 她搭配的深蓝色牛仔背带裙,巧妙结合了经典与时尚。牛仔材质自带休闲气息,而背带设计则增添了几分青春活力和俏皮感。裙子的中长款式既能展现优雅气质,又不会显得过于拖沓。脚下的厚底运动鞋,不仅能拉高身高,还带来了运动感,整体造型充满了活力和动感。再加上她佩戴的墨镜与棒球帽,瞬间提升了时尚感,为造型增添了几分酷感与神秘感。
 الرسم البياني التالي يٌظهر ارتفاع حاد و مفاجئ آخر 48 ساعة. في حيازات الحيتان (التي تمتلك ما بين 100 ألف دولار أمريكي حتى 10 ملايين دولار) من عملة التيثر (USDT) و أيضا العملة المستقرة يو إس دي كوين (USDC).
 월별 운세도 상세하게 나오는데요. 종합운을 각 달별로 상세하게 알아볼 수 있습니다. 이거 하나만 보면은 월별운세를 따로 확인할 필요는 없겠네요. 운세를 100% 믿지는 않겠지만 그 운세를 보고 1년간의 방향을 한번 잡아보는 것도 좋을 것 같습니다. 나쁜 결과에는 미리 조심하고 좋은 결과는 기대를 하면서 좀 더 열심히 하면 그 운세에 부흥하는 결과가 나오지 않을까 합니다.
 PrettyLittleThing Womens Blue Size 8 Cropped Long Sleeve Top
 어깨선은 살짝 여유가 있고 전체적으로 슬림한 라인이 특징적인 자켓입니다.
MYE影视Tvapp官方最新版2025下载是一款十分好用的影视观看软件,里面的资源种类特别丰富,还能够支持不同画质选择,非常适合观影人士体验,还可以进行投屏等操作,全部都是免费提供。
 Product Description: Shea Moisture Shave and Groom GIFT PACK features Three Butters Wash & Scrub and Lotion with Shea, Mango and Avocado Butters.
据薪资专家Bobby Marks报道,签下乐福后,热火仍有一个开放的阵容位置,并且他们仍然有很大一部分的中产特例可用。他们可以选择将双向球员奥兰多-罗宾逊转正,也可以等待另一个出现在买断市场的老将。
☆ ☆ ☆ ☆
§ EXERCISE OBJECTIVE
Please copy each entry. Leave nothing out.

§ EXERCISE SOLUTION
 她搭配的深蓝色牛仔背带裙,巧妙结合了经典与时尚。牛仔材质自带休闲气息,而背带设计则增添了几分青春活力和俏皮感。裙子的中长款式既能展现优雅气质,又不会显得过于拖沓。脚下的厚底运动鞋,不仅能拉高身高,还带来了运动感,整体造型充满了活力和动感。再加上她佩戴的墨镜与棒球帽,瞬间提升了时尚感,为造型增添了几分酷感与神秘感。
 الرسم البياني التالي يٌظهر ارتفاع حاد و مفاجئ آخر 48 ساعة. في حيازات الحيتان (التي تمتلك ما بين 100 ألف دولار أمريكي حتى 10 ملايين دولار) من عملة التيثر (USDT) و أيضا العملة المستقرة يو إس دي كوين (USDC).
 월별 운세도 상세하게 나오는데요. 종합운을 각 달별로 상세하게 알아볼 수 있습니다. 이거 하나만 보면은 월별운세를 따로 확인할 필요는 없겠네요. 운세를 100% 믿지는 않겠지만 그 운세를 보고 1년간의 방향을 한번 잡아보는 것도 좋을 것 같습니다. 나쁜 결과에는 미리 조심하고 좋은 결과는 기대를 하면서 좀 더 열심히 하면 그 운세에 부흥하는 결과가 나오지 않을까 합니다.
 PrettyLittleThing Womens Blue Size 8 Cropped Long Sleeve Top
 어깨선은 살짝 여유가 있고 전체적으로 슬림한 라인이 특징적인 자켓입니다.
MYE影视Tvapp官方最新版2025下载是一款十分好用的影视观看软件,里面的资源种类特别丰富,还能够支持不同画质选择,非常适合观影人士体验,还可以进行投屏等操作,全部都是免费提供。
 Product Description: Shea Moisture Shave and Groom GIFT PACK features Three Butters Wash & Scrub and Lotion with Shea, Mango and Avocado Butters.
据薪资专家Bobby Marks报道,签下乐福后,热火仍有一个开放的阵容位置,并且他们仍然有很大一部分的中产特例可用。他们可以选择将双向球员奥兰多-罗宾逊转正,也可以等待另一个出现在买断市场的老将。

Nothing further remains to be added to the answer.